Прямо уж и знатной, — снова вмешался Баз.
Но Эмма его не слышала, а Ева не стала передавать его слова. Пусть болтает, пока не надоел. Она действительно по нему соскучилась.
— История умалчивает, как оказался в этом замке монах. Но повествует о том, как появилась там девчонка. Она была просватана хозяину замка из каких-то дальних земель в жёны.
Дайте-ка подумать… как-то знакомо звучит!
— К несчастью, к тому времени пока она доехала, рыцарь этот заболел, да так и помер, не успев жениться. Но его невесту не отправили назад к отцу, а решили упрятать с глаз долой в монастырь. Ставшей пленницей, девушке только и осталось, что ждать своей участи, да молиться. Так во время молитвы в местной церкви и увидела она юного монаха.

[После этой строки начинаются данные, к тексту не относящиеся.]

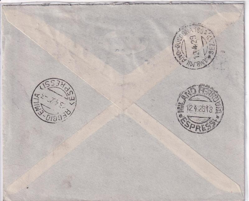 Storia postale. Espresso da Bergamo 12/04/1929 a Reggio Emilia 12/03/1929

— Бедняжка, так он, значит, умер, — расстроилась Ева. — Монахи эти, Алонсо и его наставник, приехали как раз, чтобы захворавшему рыцарю помочь. Да и мы, то есть Дэн принял в этом участие.
Что же это будет за легенда, если там никто не скопытится? — возмутился Баз. — Выжил он, не переживай! Слушай дальше!
— В легенде написано умер, — развела руками Эмма. — В-общем, полюбили они друг друга, но он монах, а она просватана, да за знатного господина. И им бы объясниться, да сбежать. Но не те были времена.
— Эх! — вздохнула Ева. — Это точно!
Точно, не точно, но эта ваша Стаська в Алонсо втрескалась не на шутку.
— Только и оставалось им скрывать свои чувства, страдать, да иногда встречаться глазами в церкви. Страдали они молча, и люди не подозревали ничего, пока в один прекрасный день не залетела в церковь во время вечерней молитвы бабочка. Огромная чёрная бабочка. Пролетела у всех над головами и села монашеку на голову, сложив крылья. И рад бы он её смахнуть, да руки заняты — помогает святому отцу текст писания держать. Священник бубнит, а люди глаз с головы юного монаха не сводят.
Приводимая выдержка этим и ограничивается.